# Ultra gem from HF



## RobertT (Oct 14, 2010)

Never tried those but these sawhorse from Menards are on sale all the time. Add a 2 by to the top and you cant beat em. http://www.menards.com/main/tools-hardware/power-tools/work-support/folding-steel-sawhorse/p-1460944-c-10164.htm


----------



## foneman (Mar 11, 2007)

Do your sawhorses have an item number on them?

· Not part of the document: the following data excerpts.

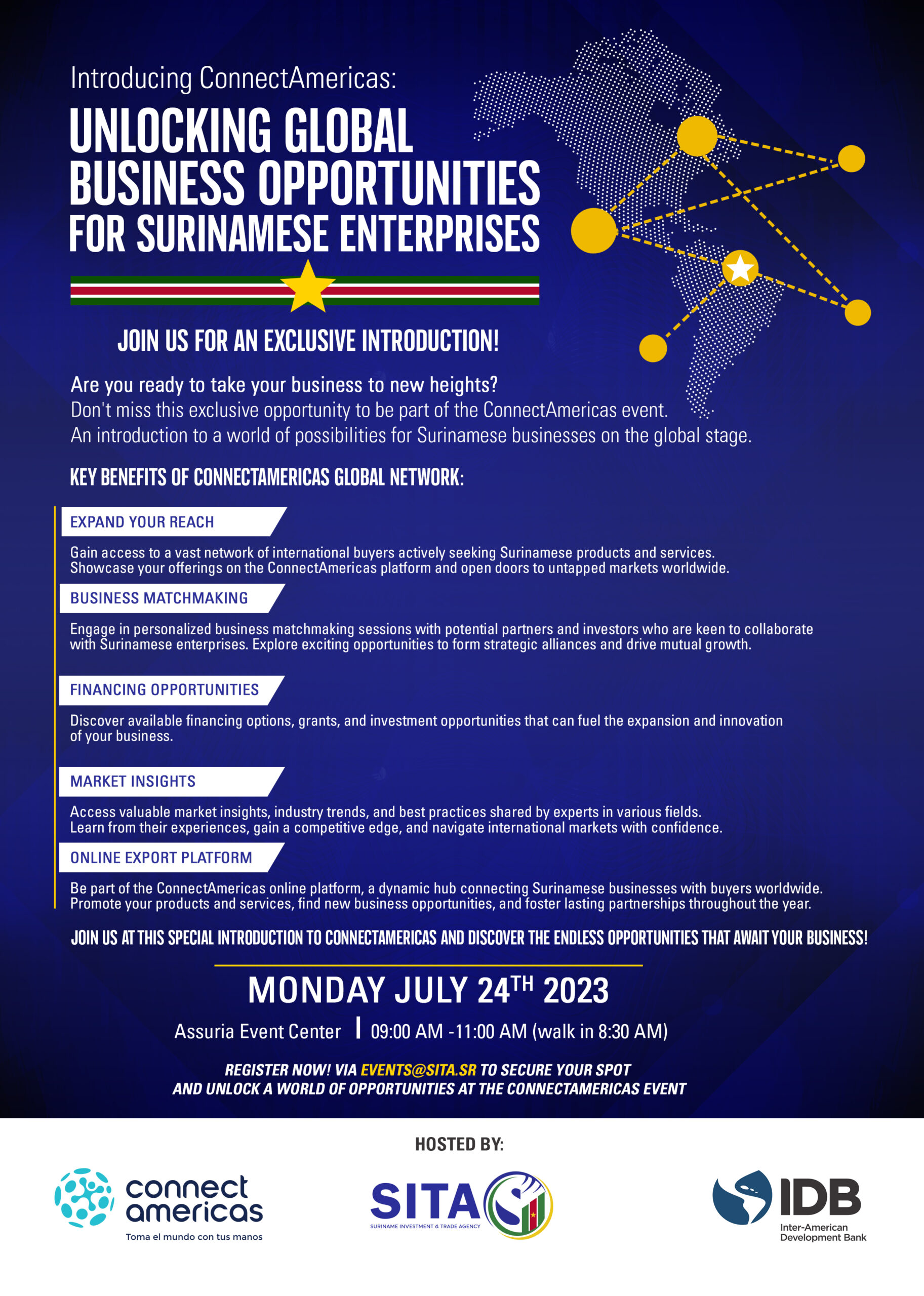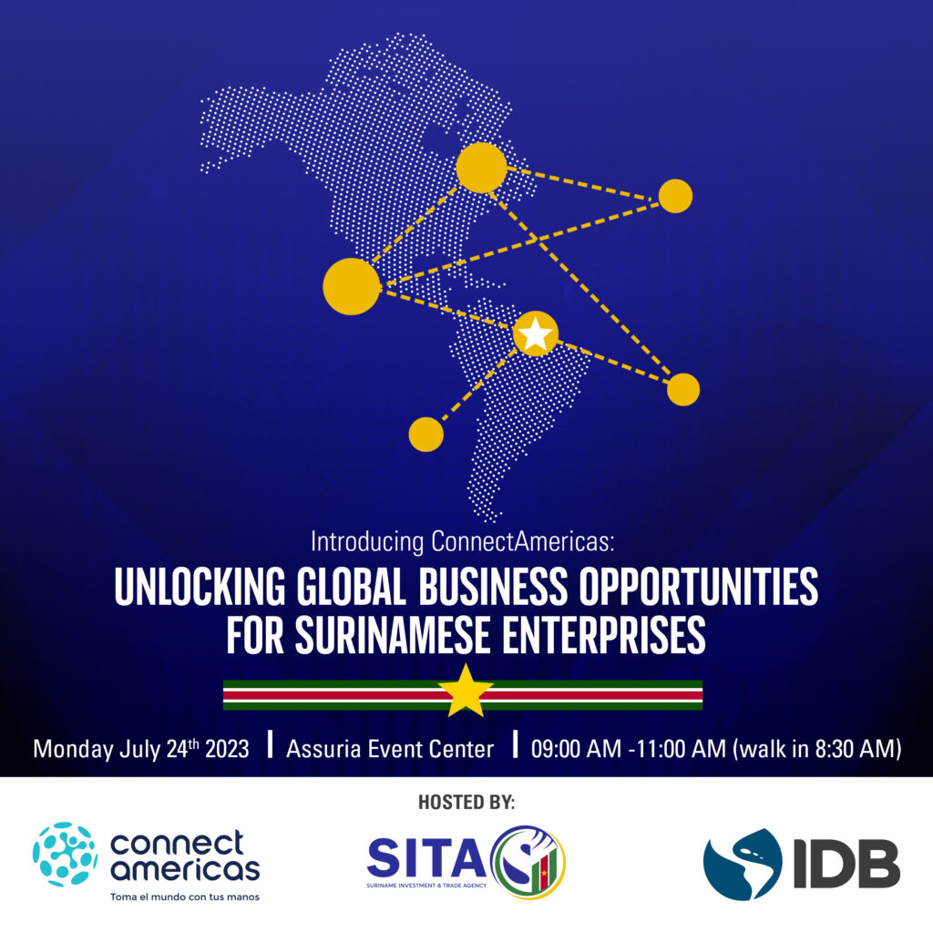 Exciting news for Surinamese businesses! Join us at the ConnectAmericas event in Suriname, organized by SITA, where we’ll unlock opportunities for Surinamese businesses. Expand your reach, access financing, engage in business matchmaking, gain knowledge from industry experts, and join a global export platform. Don’t miss out! Register now
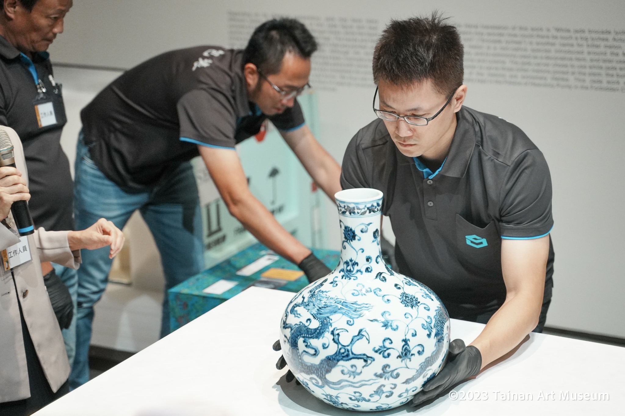 ▲ 現場實際開箱〈明 永樂 青花穿蓮龍紋天球瓶〉。(南美館提供)
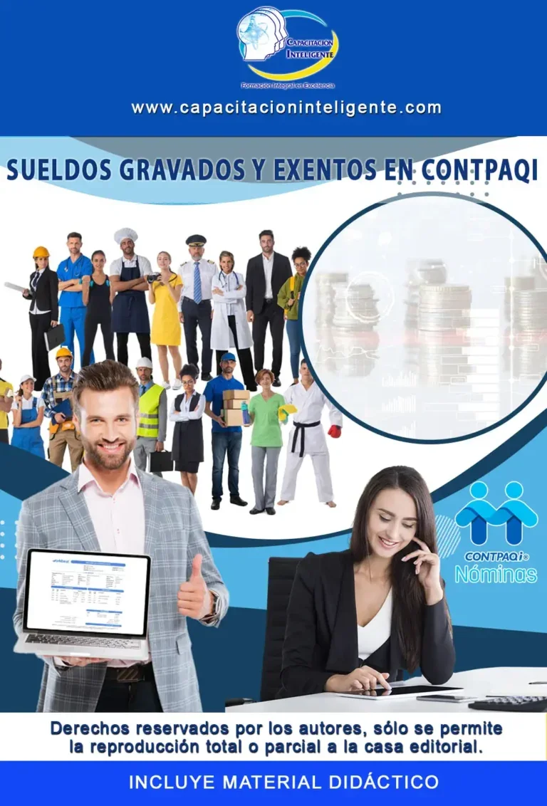 Manual con el paso a paso en imágenes de cada configuración, plantillas de hoja electrónica y archivos .bak con casos prácticos completamente configurados para restaurar en tu sistema Contpaqi Contabilidad.
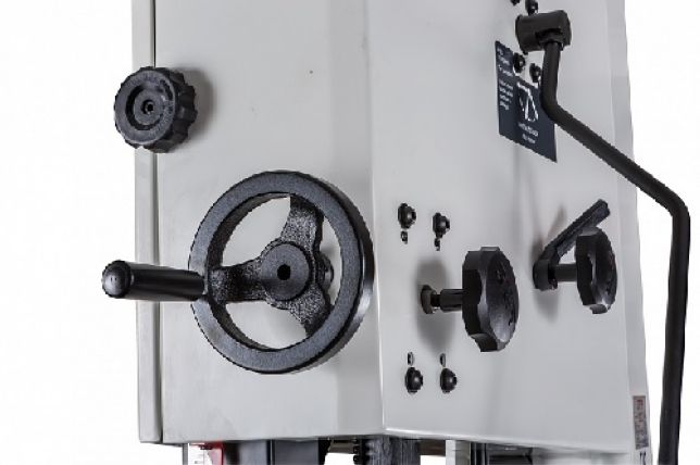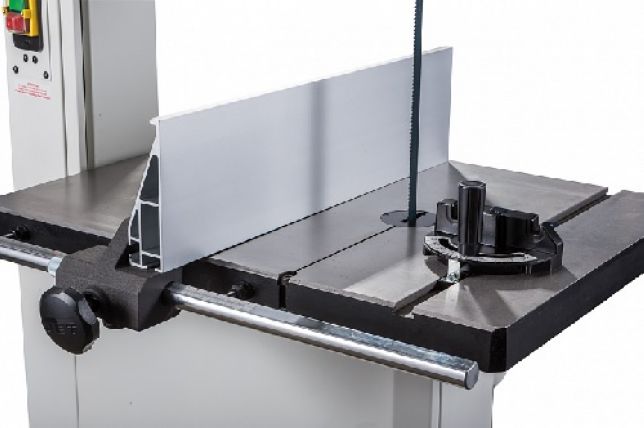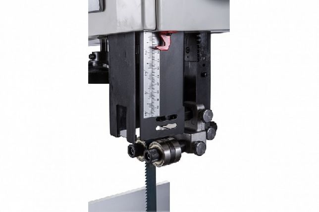 Ленточная пила Jet JWBS-18-T – её основное преимущество на фоне аналогов прошлых поколений – увеличенная высота распиловки. Этот параметр очень важен для тех, кому нужен универсальный станок, способный взять на себя функции делительного. К подобным работам приспособлен и параллельный упор: направляющий профиль можно установить вертикально на боковую грань так, чтобы надежно фиксировать плоские заготовки при их роспуске на тонкие пластины. В целом конструкция бокового упора очень хорошо проработана и соответствует самым строгим требованиям: профиль жесткий и прочный, закреплен на массивном чугунном кронштейне, который перемещается по цилиндрической направляющей. Предусмотрена грубая (вручную) и точная (микрометрическим винтом) установка.
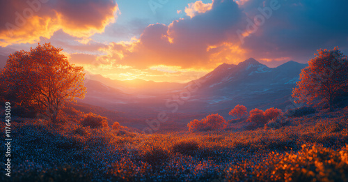 Naklejka premium Enchanting Sunset Over Vibrant Fields and Serene Mountain Ranges
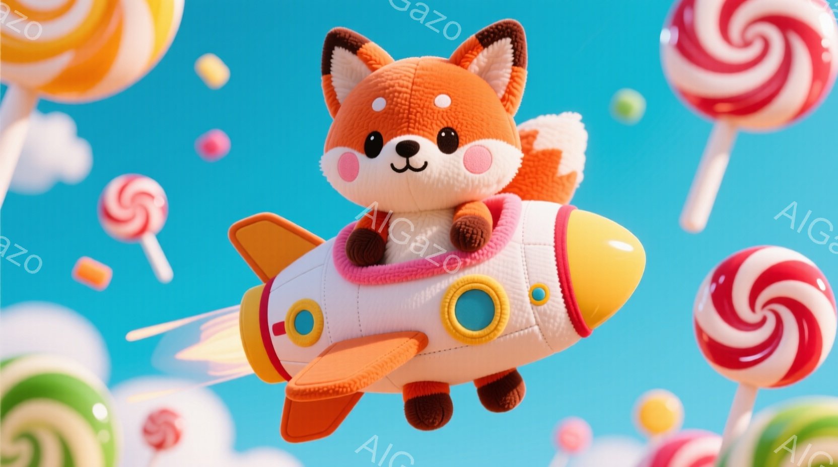 キツネのキャラクターが、レトロなデザインの飛行機型乗り物に乗って空を飛んでいます。キツネはオレンジ色のセーターを着ており、嬉しそうな表情をしています。背景には、カラフルなキャンディーやふわふわとした雲が浮かび、夢のような雰囲気を作り出しています。
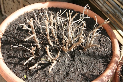 Une plante aromatique dont les pousses ont été rabattues et mesurent à présent entre 5 et 7 cm.Rempoter
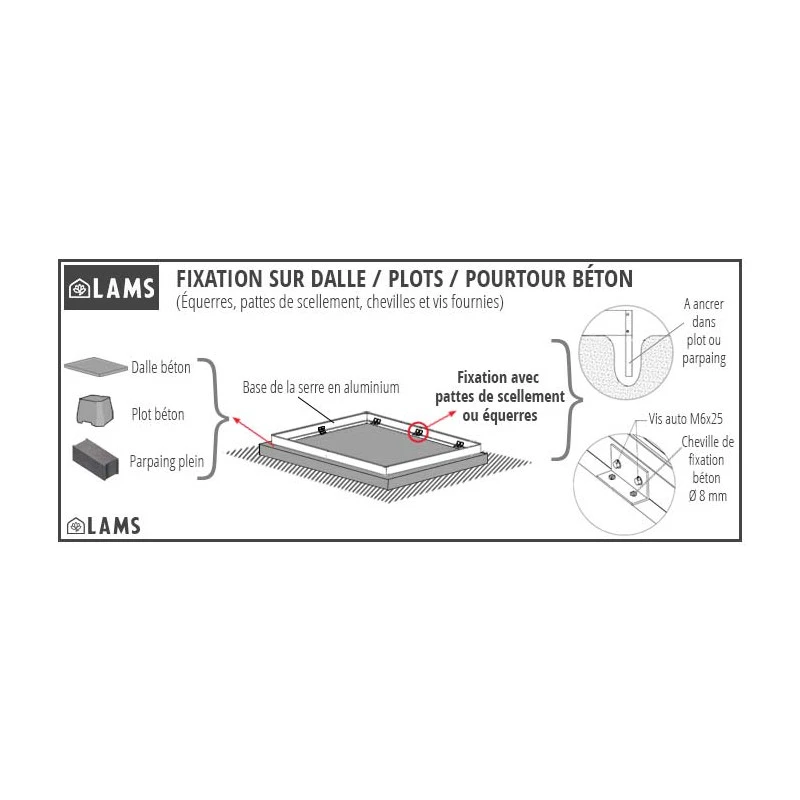 Cette serre est à adosser à une paroi existante. Elle est composée d’une structure en profils d’aluminium montée sur une base également en aluminium, pour une stabilité structurelle impeccable, un montage simplifié et une protection optimale des parois en cas de chocs. La base peut être fixée directement sur dalle de béton au moyen des chevilles fournies, pour une utilisation comme jardin d’hiver ou pour la culture de plantes en pots.

OH, and I DO use the HF trailer hitch without any problems whatsoever and that is pulling a fully loaded U-haul tandem axle trailer multiple times.

Thanks,
john


----------



## Bigjoemann (Feb 12, 2011)

http://www.harborfreight.com/foldable-adjustable-sawhorse-69059.html

There's the link.


----------



## Sawdust2 (Mar 18, 2007)

Looked it up. Thanks.
90 day warranty. LOL


----------



## cutworm (Oct 2, 2010)

Nice. Thanks.


----------



## Tedstor (Mar 12, 2011)

Not a bad looking kit. I'd be tempted to attach a 2×4 to the top of the horse. I'd hate for a tool/blade to come into contact with the metal top.


----------



## BigAl98 (Jan 29, 2010)

I got the ones that Menard sells. Not saying they are better, but with a 2×4 on top they work too. Also they sort of nest together,even with the 2×4. I have had them for over 10 years, and they look brand new - no rust on 'em either. And for the price they are a great value.


----------



## Brad_Nailor (Jul 26, 2007)

I guess I should return that parachute I bought there yesterday..


----------



## oldnovice (Mar 7, 2009)

*Brad, has it let you down?*


----------



## mgbbob (Mar 15, 2011)

I have used mine on numerous projects and the HFs work great….......and yes they have survived an encounter with my circular saw. My bad. I plan on adding some 2×4s. I love the adjustable height and have even used the units as outfeed tables for my table saw with sheet of plywood on top.

Bob


----------